The samples have to be configured by replacing the placeholders indicated by [PLACEHOLDER].

The following placeholders are used:

• [PATH TO APP] - absolute path to the app folder on the server
• [IP] - IP address of the server
• [PORT] - port on which the Gunicorn WSGI server should run (remember to open this TCP port in your firewall)
• [SERVERNAME] - servername which is normally the base URL of the server
• [PATH TO LOG] - absolute path to HTTP log without file extension
• [PATH TO GUNICORN LOG] - absolute path to Gunicorn log without file extension
• [PATH TO CERTIFICATE] - absolute path to SSL certificate file
• [PATH TO CERTIFICATE KEY] - absolute path to SSL certificate key file
• [PATH TO CLIENT APP] - absolute path to client app you want to serve

Serve a conduit client together with the backend

Optionally you can also serve a conduit client like the Cerebral Example App together with the Morepath backend.

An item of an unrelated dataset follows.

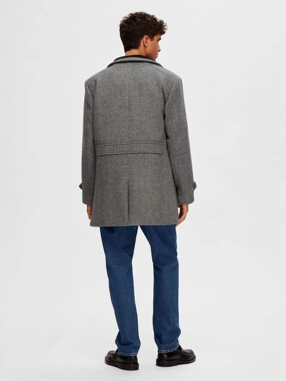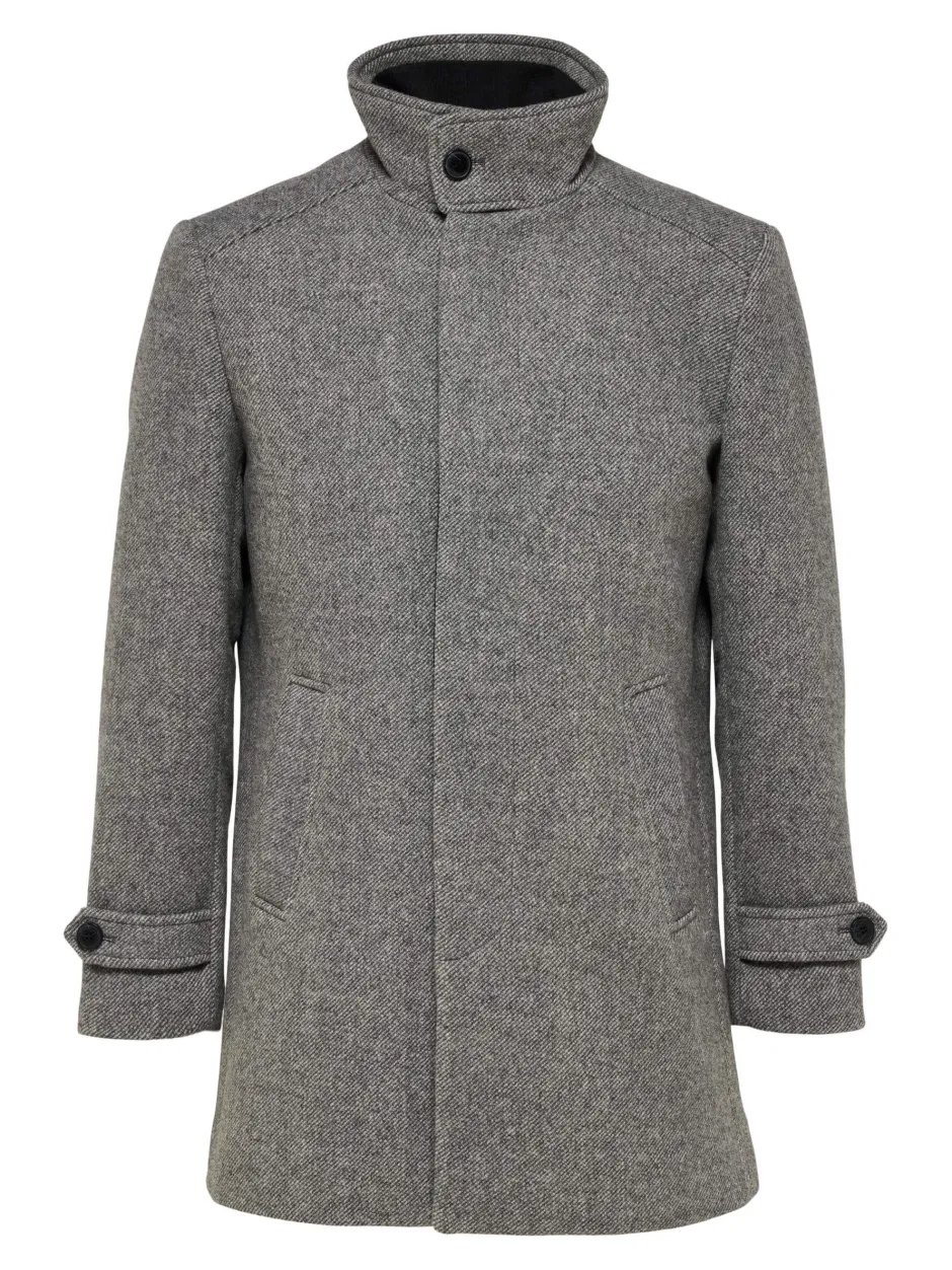 Selectedin miesten korkeakauluksinen villakangastakki. – Korkea kaulus – Napitetut hihansuut – Nappikiinnitys – Mitoitus polven yläpuolelle – Sivutaskut

• In nginx.conf add a root location with the path to your client build. It can be in a different directory then the Morepath backend.

• Add a post-receive git hook to your client repo similar to the one we use for the backend.

  #!/bin/bash
  #
  set -x
  app_path="[PATH TO CLIENT APP]"
  
  while read oldrev newrev ref
  do
          branch=`echo $ref | cut -d/ -f3`
          if [[ "master" == "$branch" ]]; then
                  git --work-tree=$app_path checkout -f $branch
                  cd $app_path
                  make deploylive
                  echo 'Changes pushed live.'
          fi
  done

• Create a simple Makefile to build the client. Remember to put a tab character at the beginning of every recipe line!

  .PHONY: deploylive
  deploylive:
      rm -rf node_modules
      npm install
      npm run build

Database

PonyORM supports SQLite, PostgreSQL, MySQL/MariaDB and Oracle. In the example App we use Postgres in production and SQLite for development and testing.

When you want to use another database then SQLite you have to first create a database for conduit-morepath on the server.

Then configure conduit/settings/production.yml according to the database setup.